Son valores todos que sumados difícilmente pueden contabilizarse con los dígitos de nuestras calculadoras electrónicas. Y que para que no se devalúen en una desacralización previa el Código de Derecho Canónico resguarda con unas exigentes condiciones al proceso negociador.

Su futuro uso-destino, aunque aún no muy definido, me sugiere también algunas dudas y preguntas. Sin tomar en consideración algunas declaraciones tan ambiguas como contradictorias («convertir ese recinto constitucional en un templo laico de los valores ciudadanos, un recinto sagrado de la convivencia, la ciudadanía, la democracia», ¿para esto desacralizarlo?).

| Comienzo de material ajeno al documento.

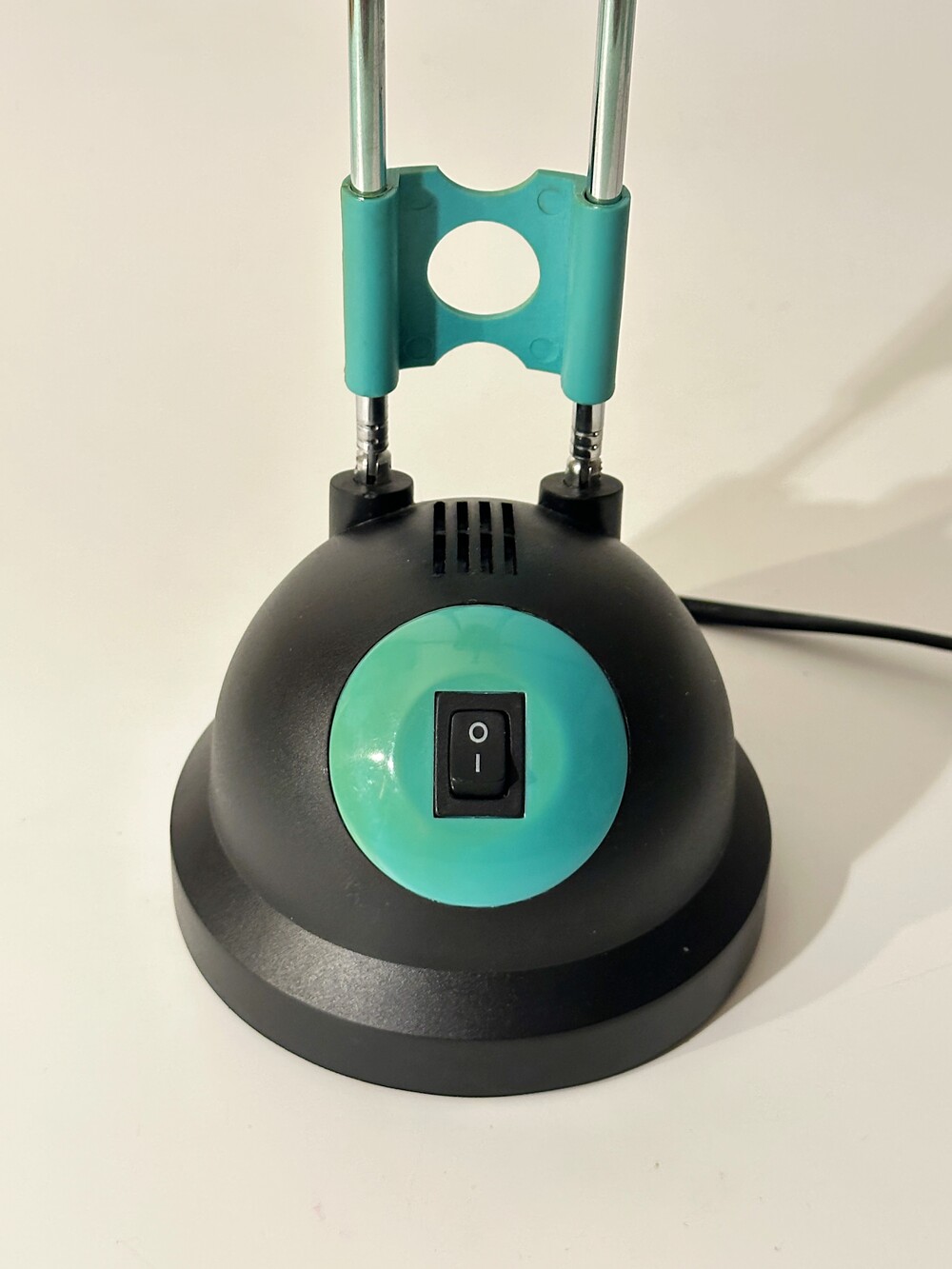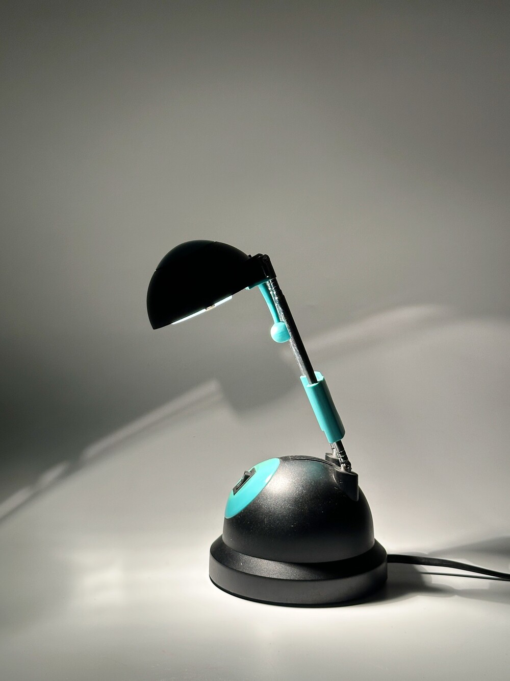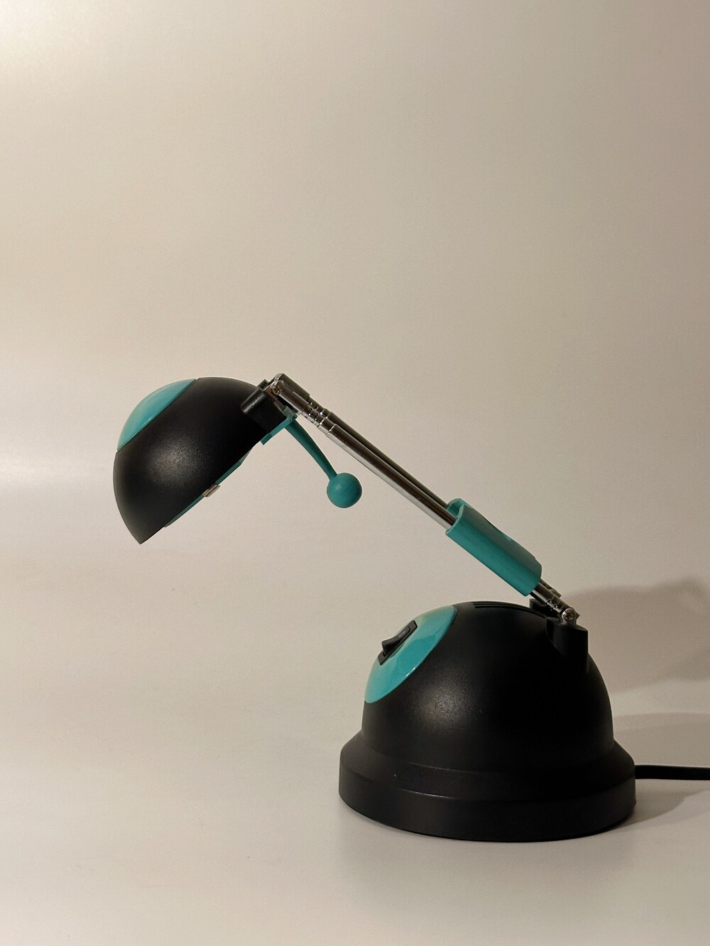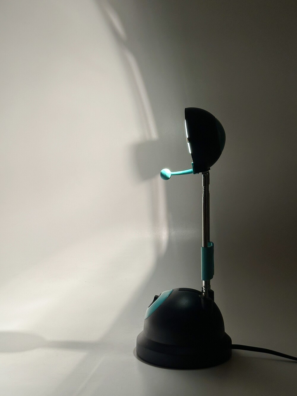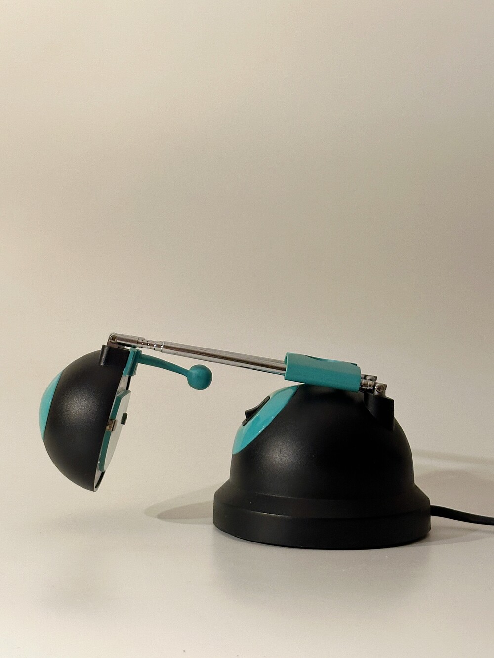 빈티지 테이블 텔레스코픽 조명이에요. 아이의 방이나, 디자이너 작업실에서 사용했을 것 같아요. 전체적으로 몽글몽글 둥근 형태가 귀엽고, 넥 부분은 3단으로 높이 조절이 가능한 텔레스코픽 형태로 되어있습니다. 블랙과 틸(Teal)색에 가까운 컬러로 보기 드문 조합이라 신선하고 모던하면서 깔끈하답니다 🖤

Se habla de un local celebrativo de los acontecimientos del 1812. Y de una sede posterior para un Centro de Estudios Iberoamericanos.

Si en 1812 fue posible la convivencia de la celebración de la misa diaria con las discusiones posteriores de los diputados, ¿no sería posible también hoy compatibilizar celebraciones laicas con el culto litúrgico? ¿Cuántas catedrales e iglesias acogen actos culturales sin renunciar a su finalidad cultural sagrada?

¿Por qué la Iglesia-clero y laicos confesantes cristianos no pueden inspirar, promover y amparar proyectos de estudio y cooperación con los pueblos hermanos de Hispanoamérica? En la esencia misma de su finalidad evangelizadora está el impregnar de espíritu cristiano la actividad social, encarnar la Palabra en la cultura. ¿No nació así ese Nuevo Mundo con el que pretendemos estrechar lazos y comunicar bienes?

Si la diócesis en función de su autonomía e identidad propias conserva su patrimonio y con él difunde la cultura, ¿podrá lealmente la Junta negarle una ayuda para seguir prestando ese servicio a una misma sociedad? Junta y Diócesis, en una sociedad democrática, se pueden preguntar qué servicios pueden prestarse mutuamente sin perder su propia autonomía y que respondan a su propia identidad. Porque hay unos valores comunes y un único pueblo destinatario.